I was in my relative infancy when this shitstorm happened and I still struggle putting it together in 2021. In essence, a lot of greedy folk got very greedy and fucked the whole economic foundations of the world, and governments in almost every country – mostly your alleged left-wing or centre parties trying to get big business on their sides – let it happen.

The setting is clearly Lehman Brothers but I think it’s a bit too kind on them as there are folk in this, boardroom members, with consciences, albeit they still tow the line. It’s riveting drama, a movie with such tense exchanges they are gripping even if you don’t understand what the characters are referring to. You’d need a glossary at times if it weren’t for the Zachary Quinto character who thankfully acts as a conduit to the financial layman amongst us.
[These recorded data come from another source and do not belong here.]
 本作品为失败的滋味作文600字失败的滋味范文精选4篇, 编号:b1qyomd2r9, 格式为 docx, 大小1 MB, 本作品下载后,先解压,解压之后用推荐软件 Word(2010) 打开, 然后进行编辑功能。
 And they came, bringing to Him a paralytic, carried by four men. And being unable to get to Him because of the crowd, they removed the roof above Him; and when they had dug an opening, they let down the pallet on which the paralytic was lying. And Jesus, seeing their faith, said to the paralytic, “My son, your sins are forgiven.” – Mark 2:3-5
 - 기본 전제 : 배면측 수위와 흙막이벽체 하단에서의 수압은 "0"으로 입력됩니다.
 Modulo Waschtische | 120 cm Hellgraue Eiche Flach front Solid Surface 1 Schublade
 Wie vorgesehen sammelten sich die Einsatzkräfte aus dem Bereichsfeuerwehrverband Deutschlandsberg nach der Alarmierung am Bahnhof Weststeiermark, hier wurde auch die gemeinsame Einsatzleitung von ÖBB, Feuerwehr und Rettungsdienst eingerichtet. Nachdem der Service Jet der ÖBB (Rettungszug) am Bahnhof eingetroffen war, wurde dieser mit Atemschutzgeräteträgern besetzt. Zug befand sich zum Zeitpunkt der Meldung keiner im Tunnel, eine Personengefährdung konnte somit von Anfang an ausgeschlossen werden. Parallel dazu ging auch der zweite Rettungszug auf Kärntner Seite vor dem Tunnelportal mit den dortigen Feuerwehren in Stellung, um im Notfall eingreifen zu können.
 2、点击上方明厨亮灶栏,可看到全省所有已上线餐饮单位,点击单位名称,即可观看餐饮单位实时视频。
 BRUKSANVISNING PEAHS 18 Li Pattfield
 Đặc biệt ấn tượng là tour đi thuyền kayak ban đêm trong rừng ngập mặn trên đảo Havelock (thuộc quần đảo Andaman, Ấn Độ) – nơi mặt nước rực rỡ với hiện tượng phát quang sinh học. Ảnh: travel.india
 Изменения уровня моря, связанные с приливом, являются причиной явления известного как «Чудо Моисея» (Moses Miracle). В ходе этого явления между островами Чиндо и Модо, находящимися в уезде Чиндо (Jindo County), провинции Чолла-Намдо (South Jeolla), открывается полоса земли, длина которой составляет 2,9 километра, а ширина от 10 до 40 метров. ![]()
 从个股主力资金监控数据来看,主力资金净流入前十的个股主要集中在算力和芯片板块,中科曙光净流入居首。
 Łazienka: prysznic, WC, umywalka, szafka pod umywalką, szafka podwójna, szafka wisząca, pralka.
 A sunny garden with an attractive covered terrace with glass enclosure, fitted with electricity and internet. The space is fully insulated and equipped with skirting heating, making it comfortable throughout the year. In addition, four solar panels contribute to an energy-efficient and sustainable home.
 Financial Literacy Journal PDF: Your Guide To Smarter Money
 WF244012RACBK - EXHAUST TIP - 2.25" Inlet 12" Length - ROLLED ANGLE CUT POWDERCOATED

There are few histrionics, mainly just rational, coldly logical decisions based on the almighty $ and it’s chilling. You get the scene with the cleaner in the lift oblivious to how the blokes in the foreground are about to crash the system and somewhere down the line she is going to get shafted, i.e., end up paying for it, yet she did her job. It’s never polemical in the Oliver Stone sense, and it isn’t a stylistically razzmatazz event. And it’s Kevin Spacey’s last great film role. He is pure Spacey here and I’m not going to get into the legal stuff because I … will, like all filmgoers, never know the facts. But it’s a shame he departed.

Trying to relate this to a reality I can understand: this Irishman living in the States and his rant for the ages.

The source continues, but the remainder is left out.